- EXERCISE DIRECTIONS: Reproduce only this range: the line holding "5.注意饮食,不接触、购买和食用野生动物,禽肉蛋要充分煮熟后食用。" through the last line of the data below, both included, exactly, with no pictures.

- DATA IN THIS EXERCISE:
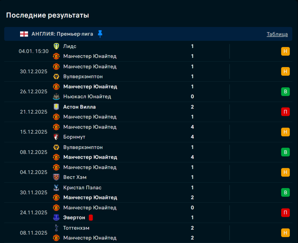 Последние игры Манчестер Юнайтед
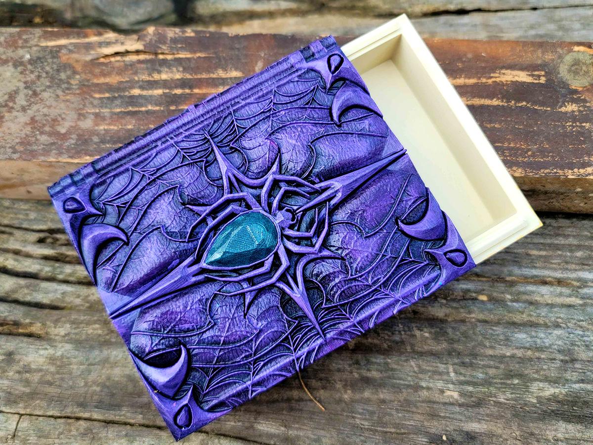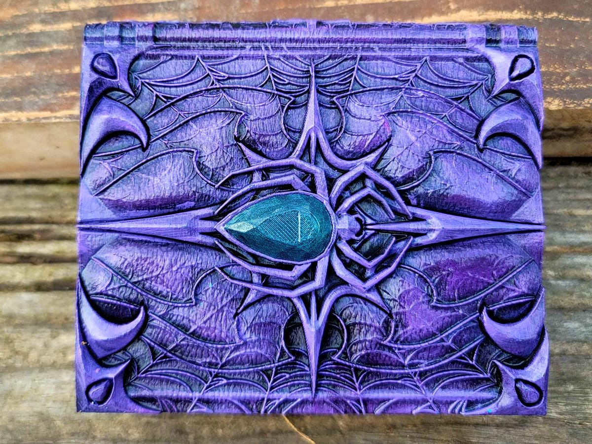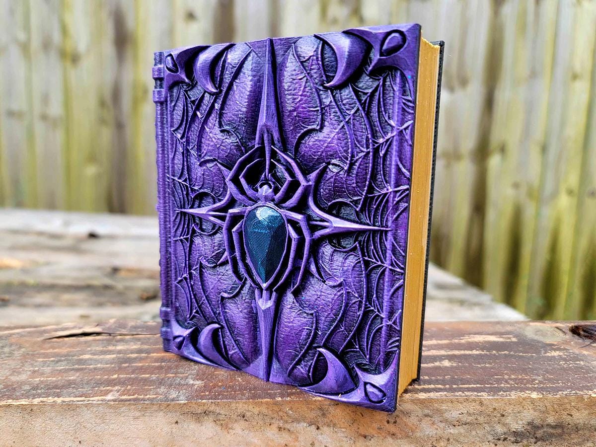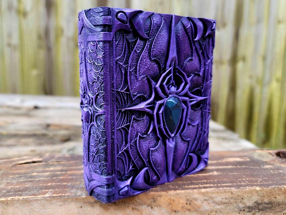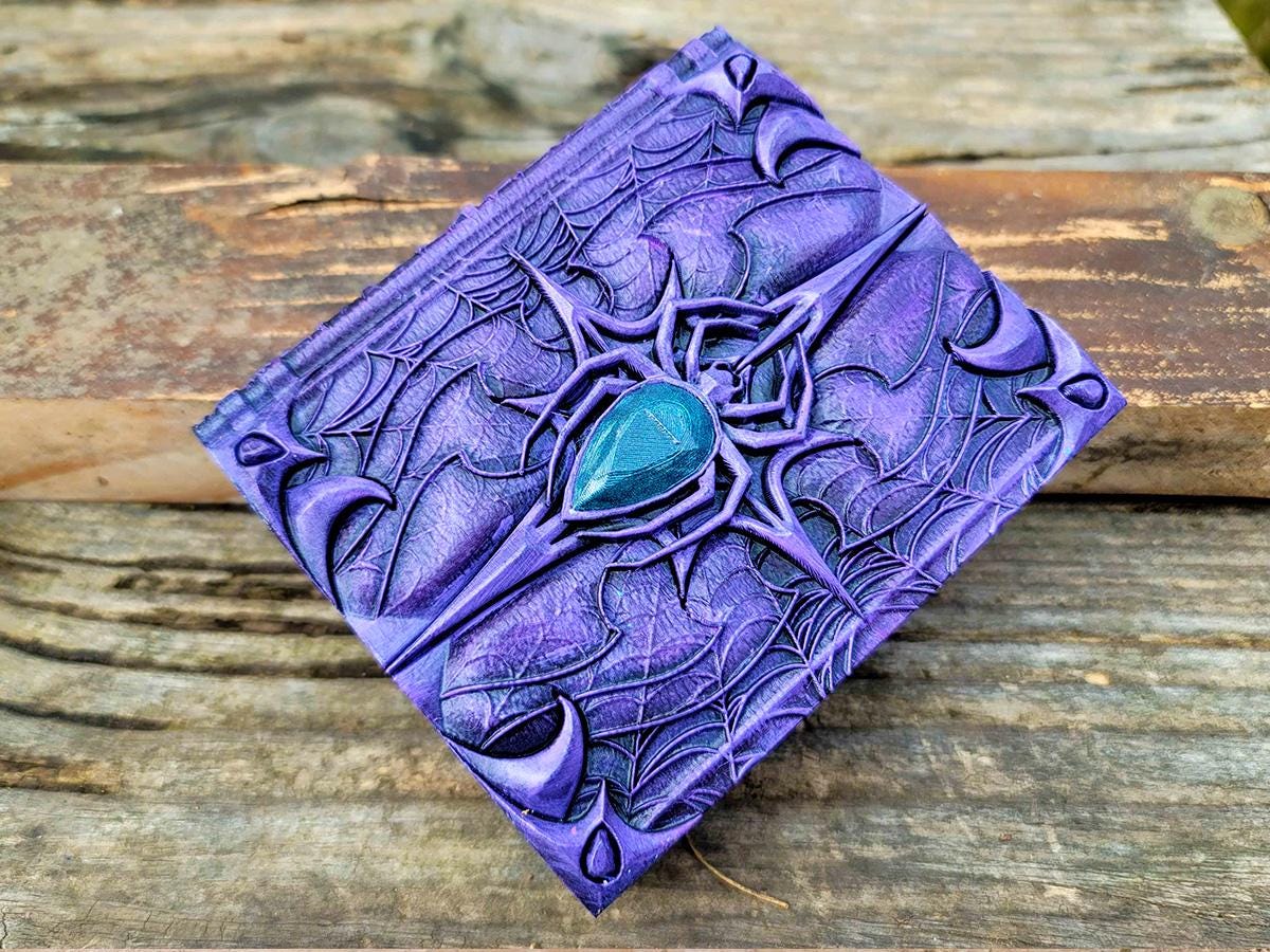 This edition features a spider sitting at the heart of its web, done in moody shades of purple with a hint of iridescence. Unlike with our other tomes, the back of the spider tomes is flat, with a leather texture, painted to match the color of the book. The spider's body is a gem printed from a deep sparkling blue-black, finished with a glossy shine.
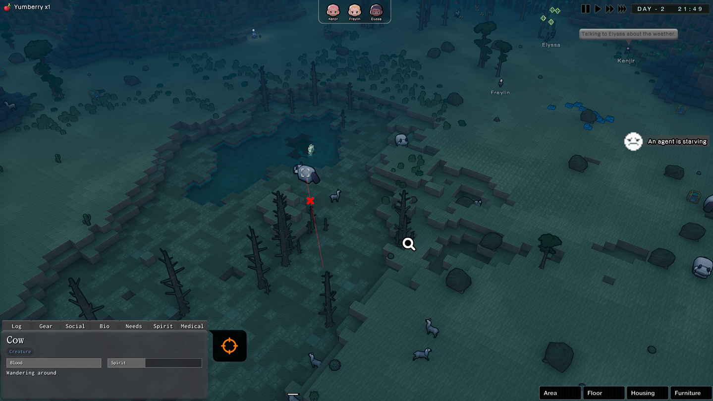 A colonist hunted an alpaca, which seemed to be a big undertaking. The chad alpaca just went to sleep multiple times after taking 5 bullets and still being shot at. The hunter wasn't very good. His first shots were pretty accurate, but somehow alpacas are harder to hit when sleeping. He shot around 30 times and didn't land one shot.
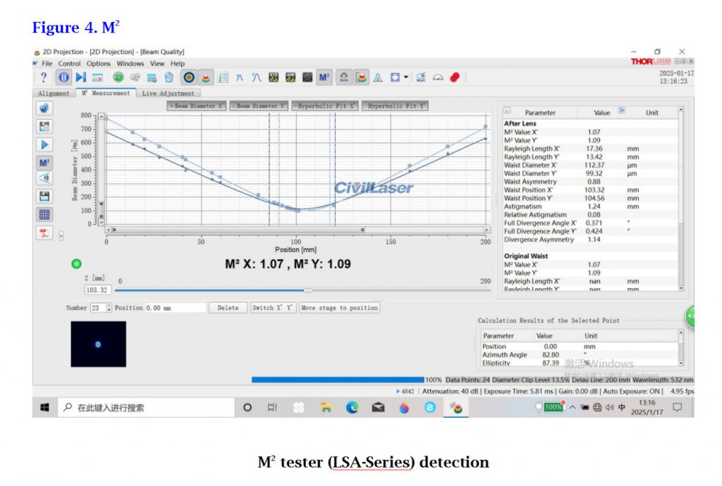 The test report of this 532nm 10W high-power DPSS laser system.
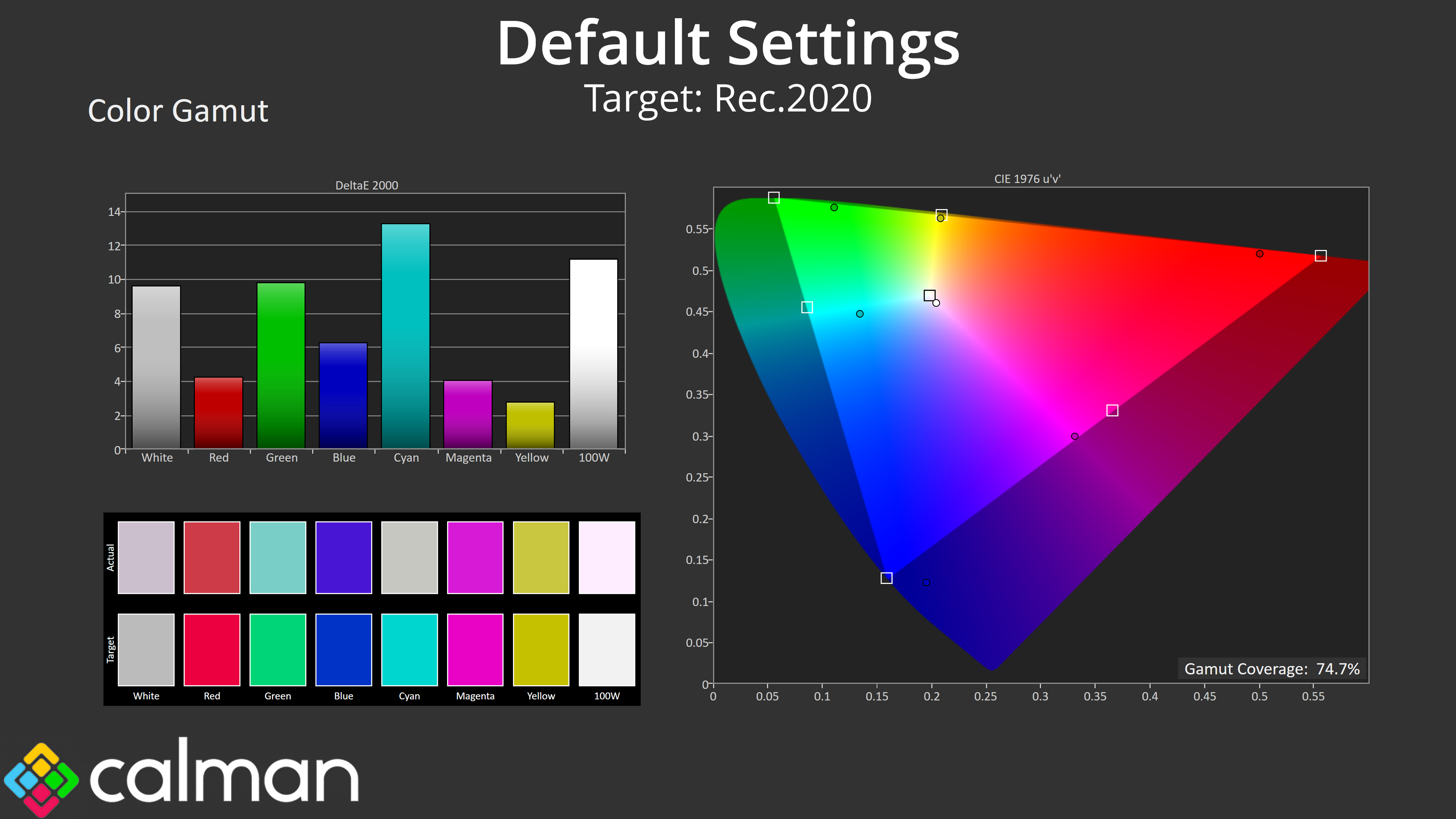 We did of course run through a full manual calibration using Calman Ultimate software. This fixed up all of our issues tremendously well, with near-perfect colour balance and gamma tracking. Saturation accuracy also improved to ridiculously good levels, as did our colour accuracy. The panel used here is clearly capable, it's just a shame the factory calibration – in particular the default colour balance presets – are lacklustre.
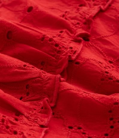 Vestido infantil confeccionado em tricoline mais sustentável. Possui gola redonda, sem mangas, com babadinhos, recorte na cintura e texturizado. Acompanha calcinha.
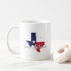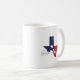San Antonio, caneca de café com bandeira do Texas. Este design apresenta "San Antonio" em uma escrita, letra de estilo caligráfico em branco com contorno de cinza clara no topo do mapa do estado que está preenchido com a bandeira do Texas. Esta caneca de café da cidade é uma forma excelente de apreciar o seu café e mostrar que se orgulha de ser de San Antonio, TX.
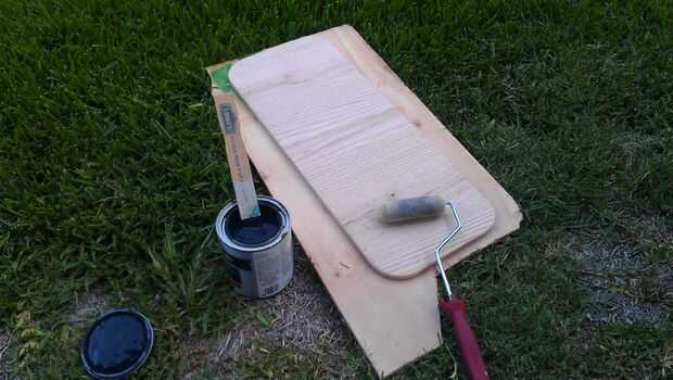 Hacer varias capas de espesor, incluso. La lata dice imprimar la superficie primero que es probablemente una buena idea. Terminé saltando este paso porque sentí la chapa sobre la madera contrachapada era bastante lista. Sin embargo, si la madera no se acaba con una chapa como mina, usted debe definitivamente hacer esto!
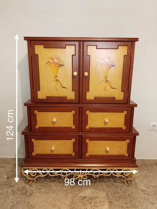 Mueble auxiliar de madera de pino con un diseño clásico y funcional. - Dos cajones superiores. - Dos puertas inferiores con tiradores redondos. - Acabado en tono natural de la madera. - venta en persona
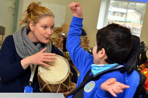 Ros and Catman – Percussion session with the Seashell Trust
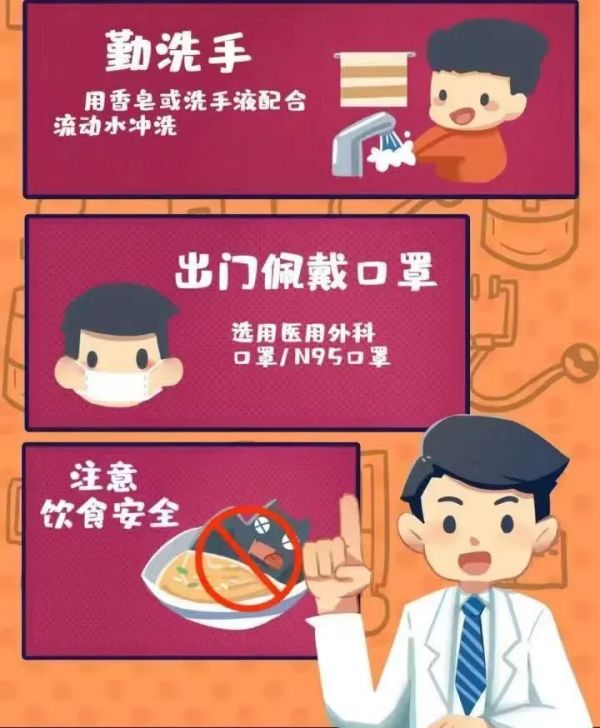 5.注意饮食,不接触、购买和食用野生动物,禽肉蛋要充分煮熟后食用。
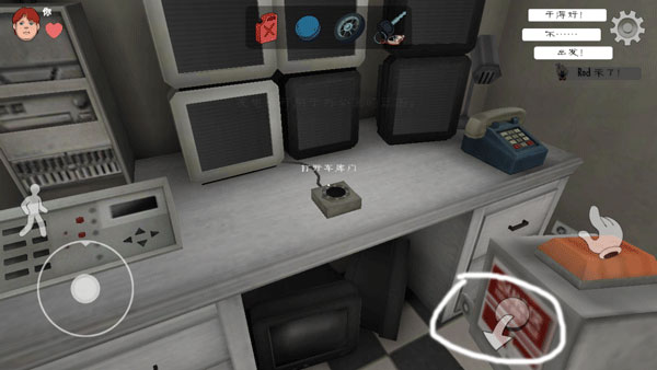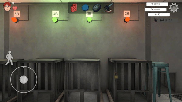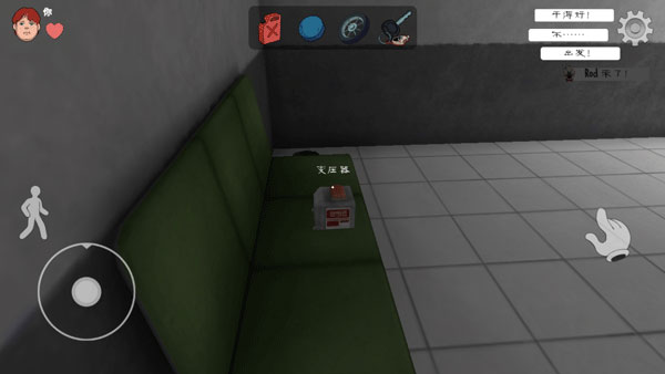 4、玩家需要使用地图中道具逃离这里,点击右边"手"拾取道具,点左边人图标可以下蹲;
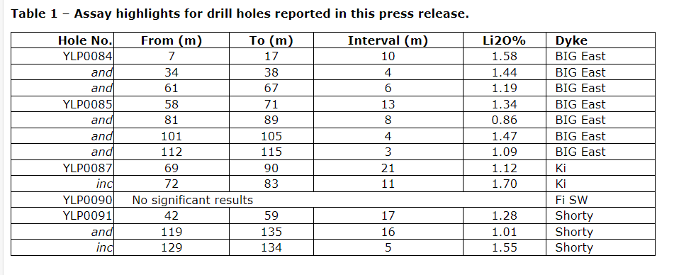 This week's drill results are for five holes from four different pegmatite dikes, including BIG East (YLP-0084, 85), Ki (YLP-0087), Fi Southwest (YLP-0090) and Shorty (YLP-0091).

- RESPONSE FOR THIS EXERCISE:
 5.注意饮食,不接触、购买和食用野生动物,禽肉蛋要充分煮熟后食用。
 4、玩家需要使用地图中道具逃离这里,点击右边"手"拾取道具,点左边人图标可以下蹲;
 This week's drill results are for five holes from four different pegmatite dikes, including BIG East (YLP-0084, 85), Ki (YLP-0087), Fi Southwest (YLP-0090) and Shorty (YLP-0091).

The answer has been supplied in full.